In the present study, we show that benztropine inhibits the oxaliplatin adverse effects mainly focusing on its anti-muscarinic action. However, benztropine also presents additional pharmacologic properties. Indeed, benztropine is a H1 receptor antagonist and an inhibitor of the dopamine re-uptake. Those properties are relevant since Khalilzadeh E et al. demonstrated that H1 receptor antagonists could attenuate the mechanical allodynia and prevented cold plate avoidance in a rat model of neuropathic pain [44]. Such observation has never been made in CIPN. However, we cannot rule out that the improvement of neuropathy we observed in our model was due to, at least in part, the anti-histaminic effect of benztropine. Moreover, benztropine also acts as a dopamine re-uptake inhibitor. It has been shown by Hache G et al. that administration of drugs that enhance the activity of dopamine neurotransmission also provide antinociceptive effects [35]. Therefore, we cannot exclude that the dopamine re-uptake inhibition by benztropine may participate in the prevention of oxaliplatin-induced peripheral neuropathy.

Finally, even though M1 and M3 muscarinic receptors inhibition remains the major mechanism regulated by benztropine to counteract CIPN and tumor growth, we cannot rule out that its effects on H1 histaminic receptors and dopamine re-uptake may also participate in the beneficial effects of benztropine. Therefore more detailed studies are needed to investigate the relative contribution of these pathways.

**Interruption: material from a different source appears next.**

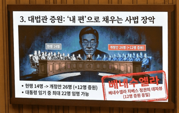 그러면서 "특히 대법관 수를 14명에서 26명으로 늘리는 법원조직법 개정안에 대해 “이재명 정부 임기 내에 22명의 대법관을 임명하게 되는 전형적인 코트 패킹(Court-packing)”이라며 “베네수엘라 차베스 정권이 대법관을 증원해 사법부를 권력의 도구로 전락시킨 독재의 길을 그대로 밟고 있다”고 주장했다.

A limitation of this study is that results have been gained in animals only. However, the literature indicates that murine models of peripheral neuropathies are robust models for modeling human neuropathy [50, 76]. Indeed, the components of this murine neurodegeneration are also observed in humans and the neuroprotection conferred by molecules on these models is also observed in humans [18, 68]. This observation leads us to believe that the neuroprotection conferred by benztropine, which is currently indicated in Parkinson’s disease in the United States, could be transposable to patients suffering from peripheral neuropathies. These very encouraging results for benztropine deserve to lead to a study in humans in order to be able to address a problematic with clinical relevance. The results of this clinical trial could lead to the exploration of benztropine as a potentially neuroprotective agent in other pathologies of the PNS.